Finding hidden growth opportunities in your product | Albert Cheng (Duolingo, Grammarly, Chess.com)
Here are the key takeaways from Albert Cheng's talk on "Finding hidden growth opportunities in your product" (Duolingo, Grammarly, Chess.com):
  • Explore–Exploit Framework: Growth teams must balance exploring new ideas (searching for new “mountains” to climb) with exploiting what’s already working. Too much exploration leads to scatter; too much exploitation can saturate and stagnate. Use insights from experiments across the product and expand successful tactics to adjacent areas for maximum impact.
  • Rapid Experimentation: Teams like Albert's run upwards of 1,000 experiments a year—this is a cultural shift requiring founder/leadership support and fast, lightweight experimentation frameworks. Wins must be shared broadly and celebrated to propagate a culture of experimentation across the org.

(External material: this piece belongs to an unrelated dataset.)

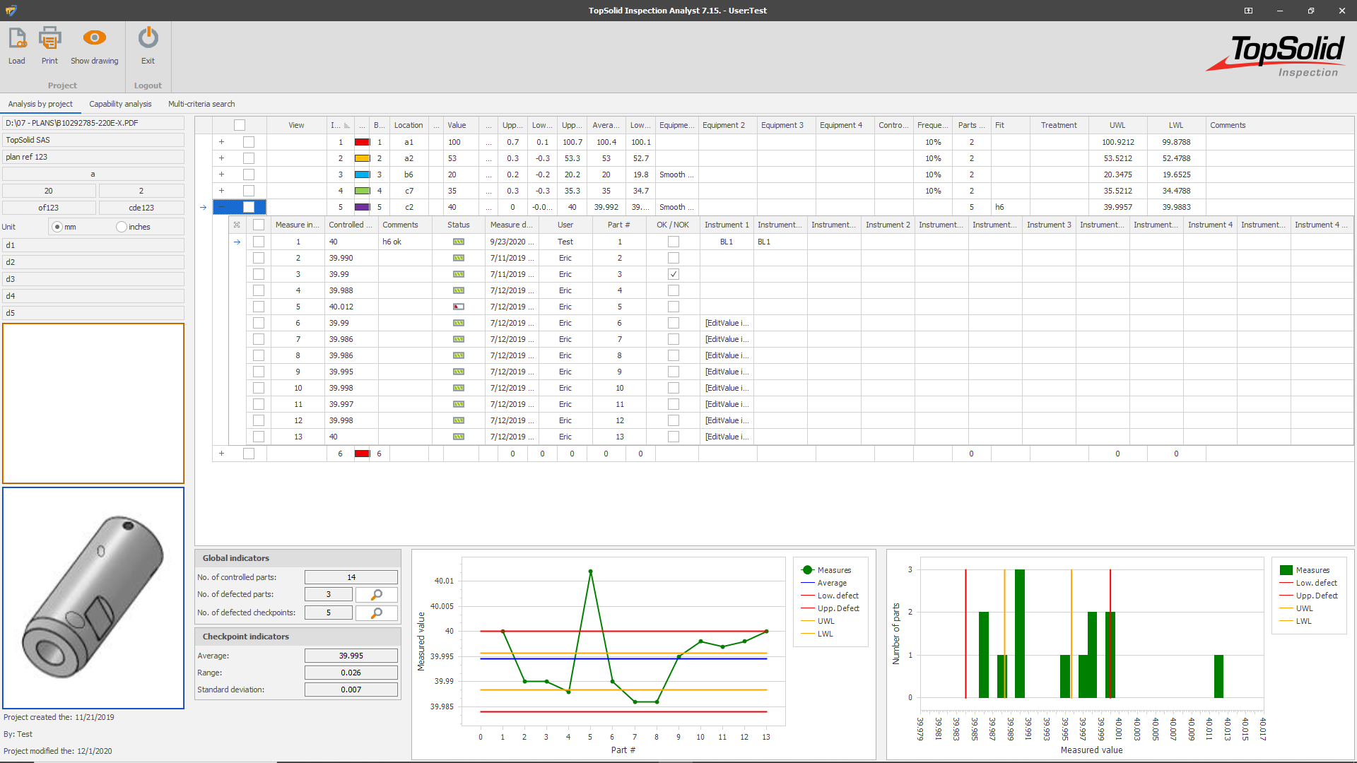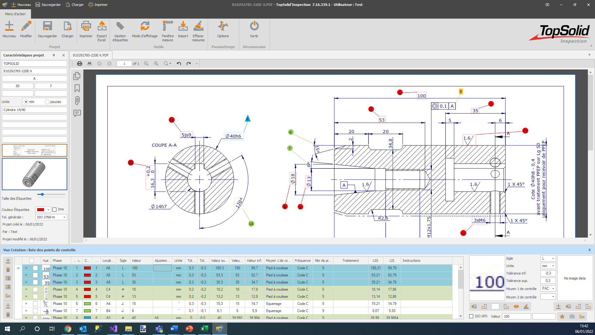 The part drawing in image, scan, TIFF, PDF, DXF and DWG format is integrated into the application at the inspection project level where the characteristics specific to manufacturing are defined (customer, order, production order, quantity of parts produced, serial numbers, etc.).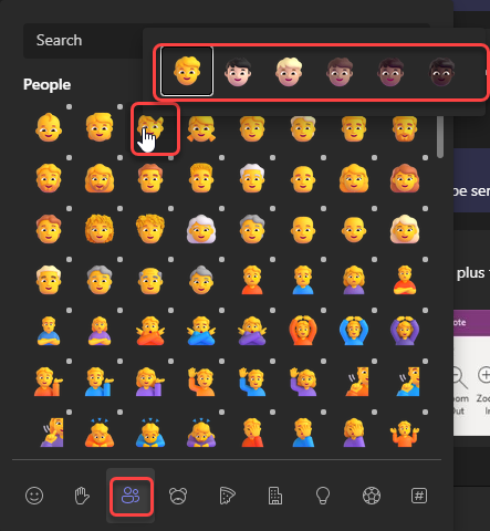 Another change that hit my Microsoft Teams desktop client is the change to the emoji palette. Instead of the flat 2D emoji, they are now “3D” and have some depth. The formal name that Microsoft calls the styling is Fluent emoji. Here’s what they look like, as well as hidden trick for the people emojis…

  • Human Psychology Insight: Sometimes, counterintuitive user behaviors happen, as with Chess.com’s game review feature: users are most likely to review after a win, not a loss. Surfacing positive feedback after failure dramatically boosted engagement and retention.
  • Monetization Strategies: At Grammarly, offering samples of premium features to free users—rather than restricting purely to basic spellcheck—doubled rates of upgrade to paying plans. “Reverse trial” (feature-limited but ongoing) works better than short time-based trials for converting users.
  • Retention Is Golden: For consumer subscription apps, user retention is key. Target daily retention rates of 30–40% for strong health. Mature products obtain most growth (~80%) from “resurrected users”—previously dormant accounts that return. Activation/onboarding is critical especially for products infrequently opened (like Grammarly).
  • Gamification Pillars: Build habits and motivation by focusing on:
    • The core loop (tight feedback and reward cycle for daily habit)
    • The metagame (leaderboards, achievements for long-term motivation)
    • The profile (visible investment and progression over time)
  • Applying AI for Growth: Use AI tools (like data retrieval bots, prototyping tools with v0, Figma Make, Cursor, Claude Code) to answer ad hoc data questions, accelerate prototyping, and empower experimentation. The challenge lies in integrating these tools across functions to streamline actual shipping-to-production.
  • Cultural Lessons: Building high-performing teams often means hiring for agency and fast learning—not always for deep experience. Especially as AI disrupts fields, old habits can be a liability; seek high-energy, adaptable personalities and foster beginner’s mindsets.
  • Retention and Virality Tactics: Both through delighting users in unexpectedly positive ways and tapping into naturally viral product moments (like Duolingo’s streaks), growth comes from leaning into what organically works and amplifying it.
  • Systems Matter: Robust experiment tracking, the right growth model, and correct instrumentation are foundational—misconfigurations can derail lessons. The company-wide system for running and learning from experiments is as important as the experiments themselves.